Live album by Tony Succar and Mimy Succar
- Released: August 16, 2024
- Recorded: Gran Teatro Nacional, Lima, Peru
- Genre: Salsa, bolero, Afro-Peruvian music
- Length: 1:29:00
- Label: Unity Entertainment
- Producer: Tony Succar

= Alma, Corazón y Salsa (Live at Gran Teatro Nacional) =

Alma, Corazón y Salsa (Live at Gran Teatro Nacional) is a live album by Peruvian musicians Tony Succar and Mimy Succar. It was recorded at the Gran Teatro Nacional in Lima, Peru, and released on August 16, 2024, through Unity Entertainment. The album brought together original songs and covers, and highlighted its combination of salsa, bolero and Afro-Peruvian elements.

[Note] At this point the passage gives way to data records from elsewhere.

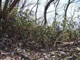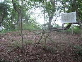 | 難台山頂。背後の部分を削って、国之常立命を祭った祠がある。山頂の主郭部は10m×30mほどの規模である。 | 主郭の東側には小規模な腰曲輪が3段ほどあり、堀切2につながっている。堀切といっても実際には、切岸を整形した際に、外側もちょっと削ったという程度で、外側の深さは1mほどもない。城塁側は3mほどの高さがある。 |
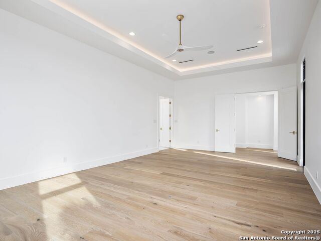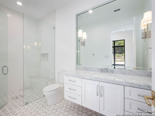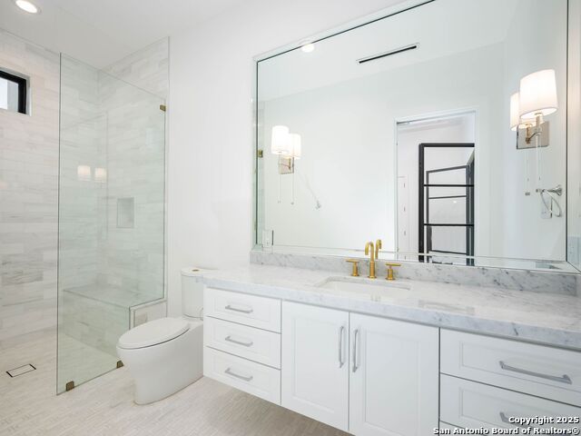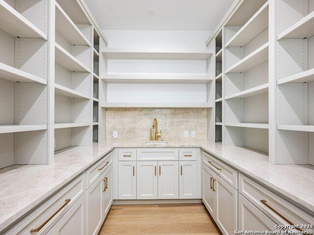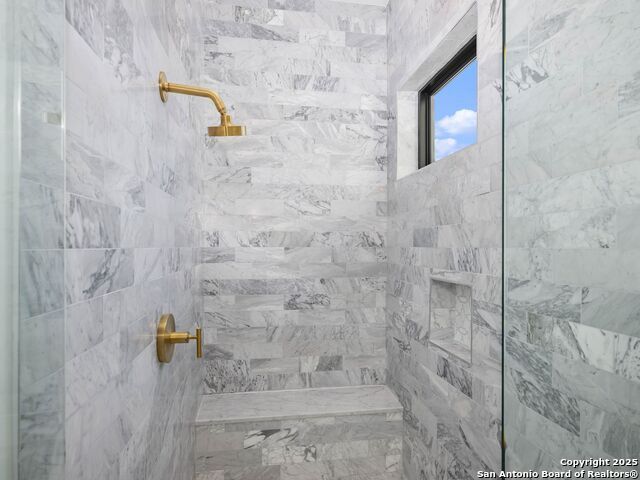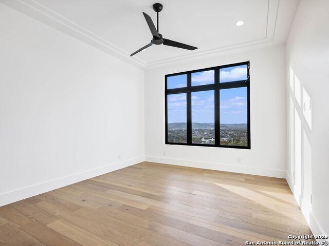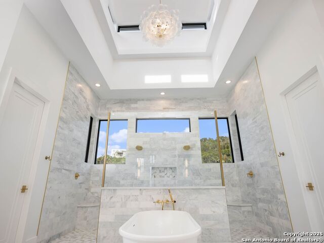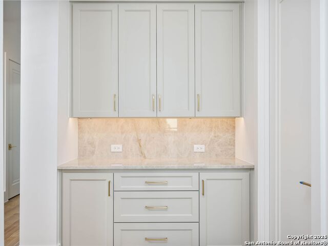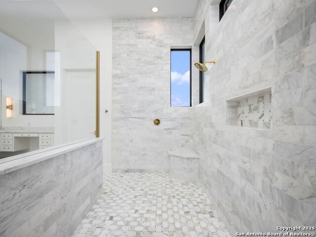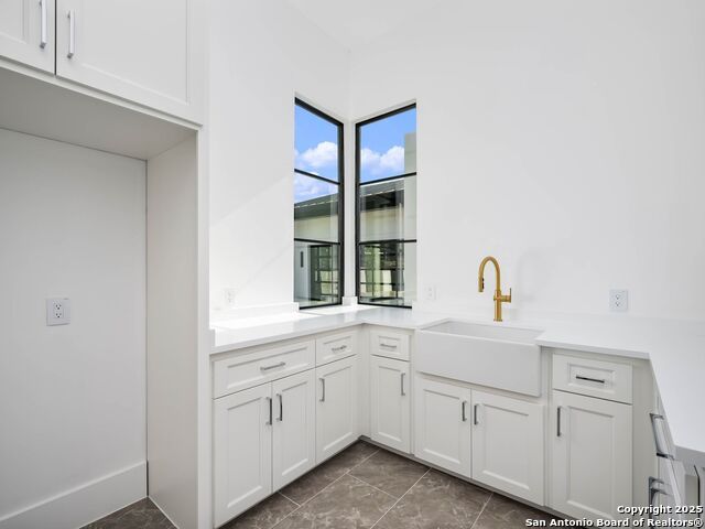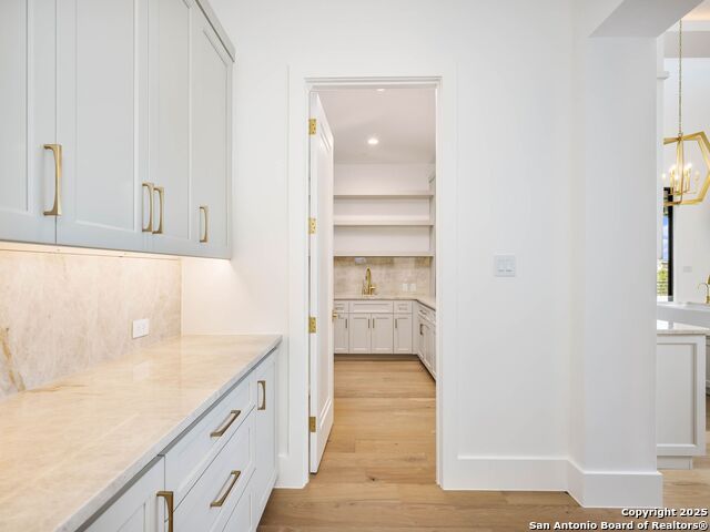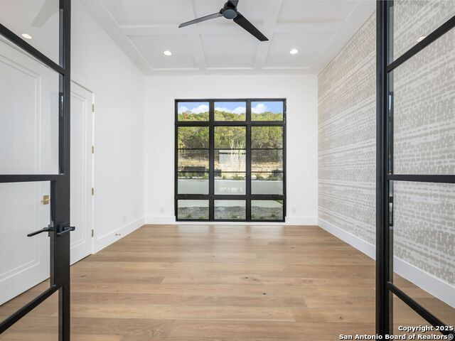 A striking transitional estate positioned along an exclusive cul-de-sac street within The Dominion, offering spectacular panoramic views and exceptional privacy. Walls of floor-to-ceiling glass fill the interiors with natural light, accentuating the home's remarkable craftsmanship and curated finishes. Designed on an impressive scale with soaring ceilings and verdant vistas, the interior showcases European white oak floors, smooth-finish walls, architectural ceiling details, designer lighting, and exquisite stone and marble selections throughout. The chef's kitchen features professional-grade stainless steel appliances and an oversized island that opens seamlessly to the family room, where soaring two-story ceilings and a stone-clad gas fireplace create an atmosphere of grandeur and warmth. The primary suite is a true sanctuary, offering patio access for morning coffee or evening relaxation, dual spa-like baths with separate vanities, and two custom-fitted closets with glass display cabinetry. Three spacious guest bedrooms each feature en-suite baths, while an expansive game room with a full wet bar provides an ideal setting for entertaining. Outdoors, a large covered patio with a full kitchen overlooks the resort-style pool and spa framed by sweeping Hill Country views. A four-car side-entry garage with epoxy-finished floors is complemented by an additional two-car garage and generous guest parking. Every element of this residence reflects thoughtful design and timeless luxury.
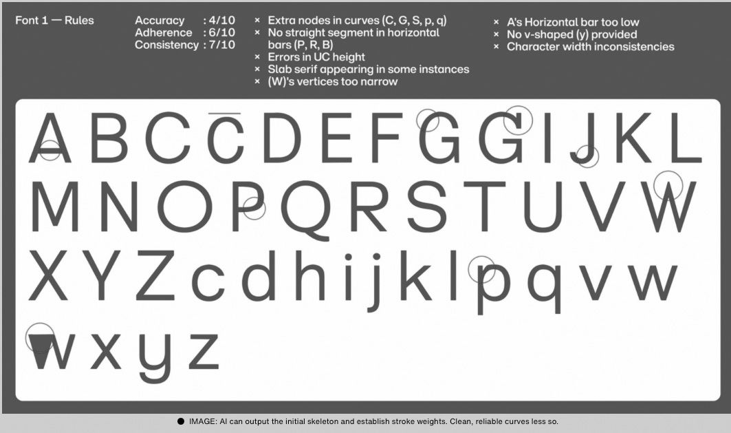 What Monotype found out in their reporting about AI now is that the technology is clearly lacking in typographical preciseness and artistic coherence. “But for better or for worse, it turns out that AI is fairly bad at drawing letters. In a recent piece in The Atlantic (a piece that, it should be noted, was sponsored by Google), writer Drew Campbell observed that while AI knows many words and may already know all the words there are to know, it “stumbles” when “creating the literal letterforms that construct each syllable, clause, and paragraph.” (Monotype and see “Typography Reconsidered,” Drew Campbell, The Atlantic at https://www.theatlantic.com/sponsored/google/typography-reconsidered/3886/)
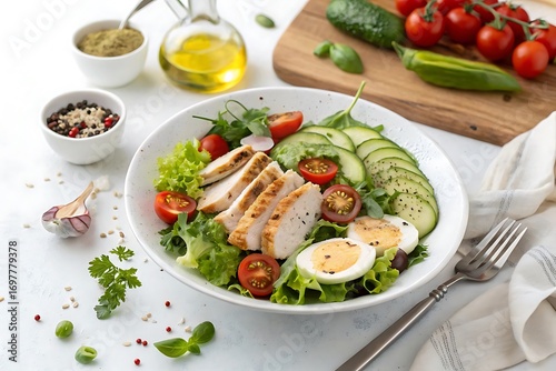 Salad with chicken, tomatoes, cucumbers, and eggs
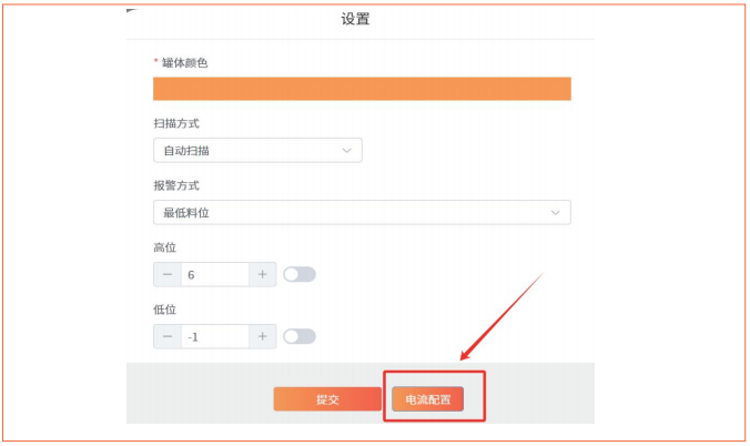 :點(diǎn)擊該按鍵,可彈出如下所示窗口,用于設(shè)置或更改物料名稱、物料密度、罐體顏色,以及進(jìn)行電流配置。刷新鍵
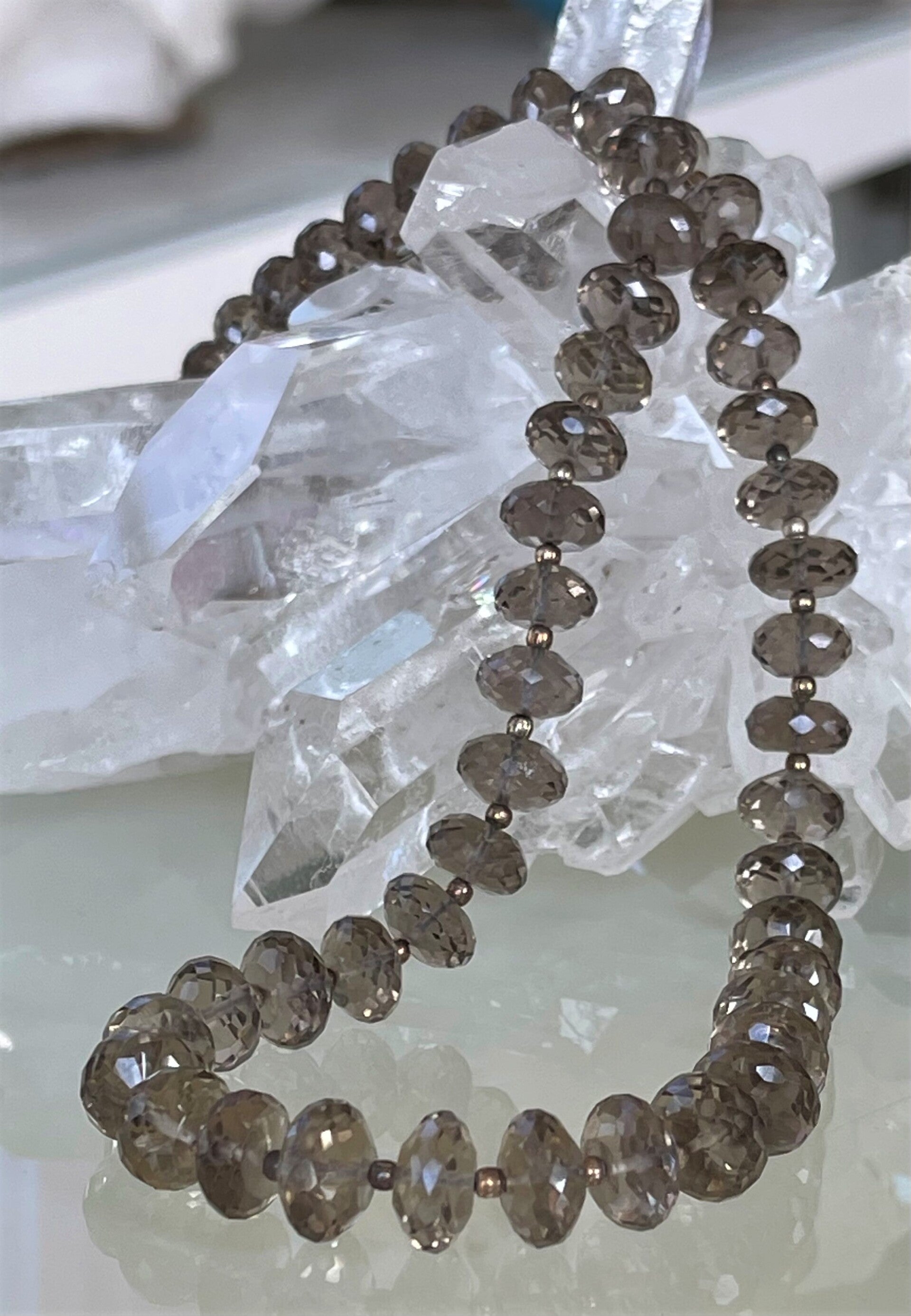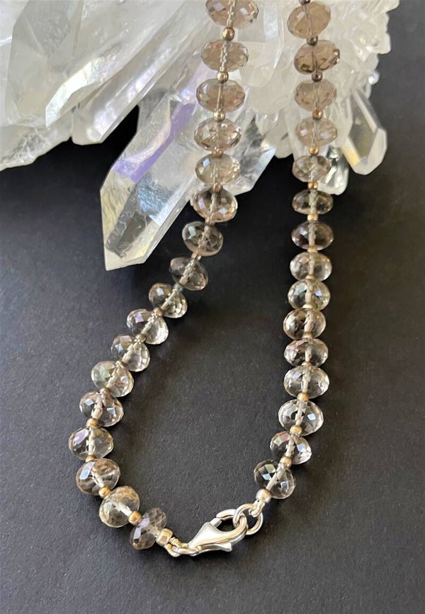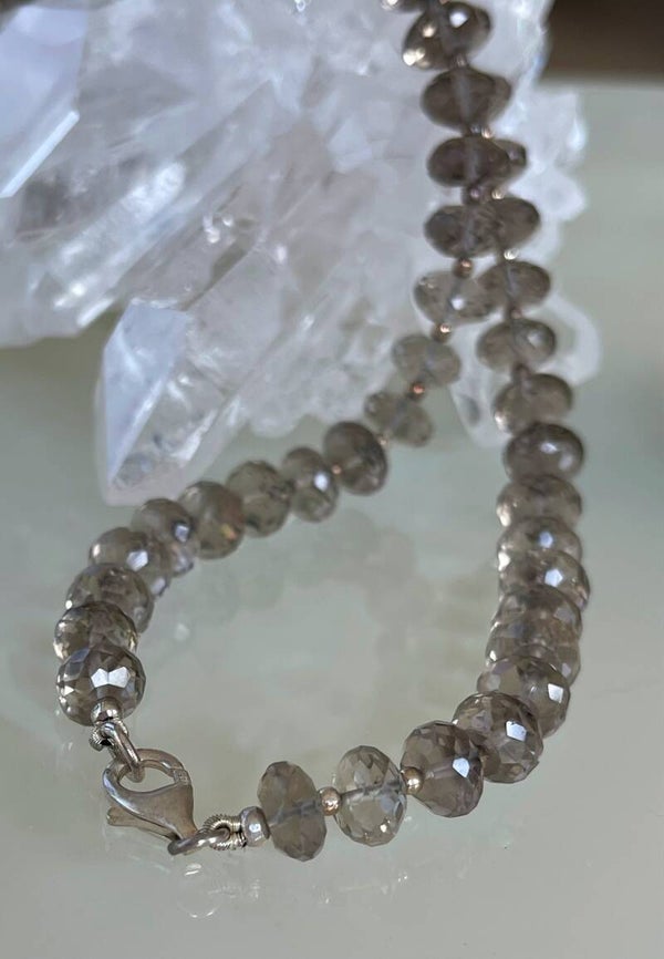 Ketting met mooie lichte kleur Rookkwarts edelstenen, facet geslepen kralen en zilveren bolletjes en zilveren sluiting
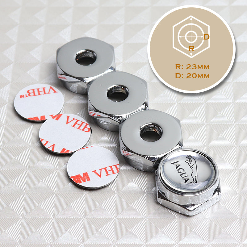 4PCS JAGUAR CHROME Car License Plate Frame Black Screw Bolt Cap Cover Screw Bolt

The album won the Grammy Award for Best Tropical Latin Album at the 67th Annual Grammy Awards in 2025.

== Background ==
Tony Succar, a Peruvian-American producer and percussionist, has been known for blending Latin genres with orchestral and contemporary arrangements. The collaboration with his mother, singer Mimy Succar, highlights a multigenerational musical partnership rooted in traditional Latin music styles.

== Release ==
Apple Music lists the album as a 14-track release issued on August 16, 2024, with a total length of 1 hour and 29 minutes, and credits it to Unity Entertainment. Qobuz also lists the release under Unity Entertainment Corp., with an August 2024 release date.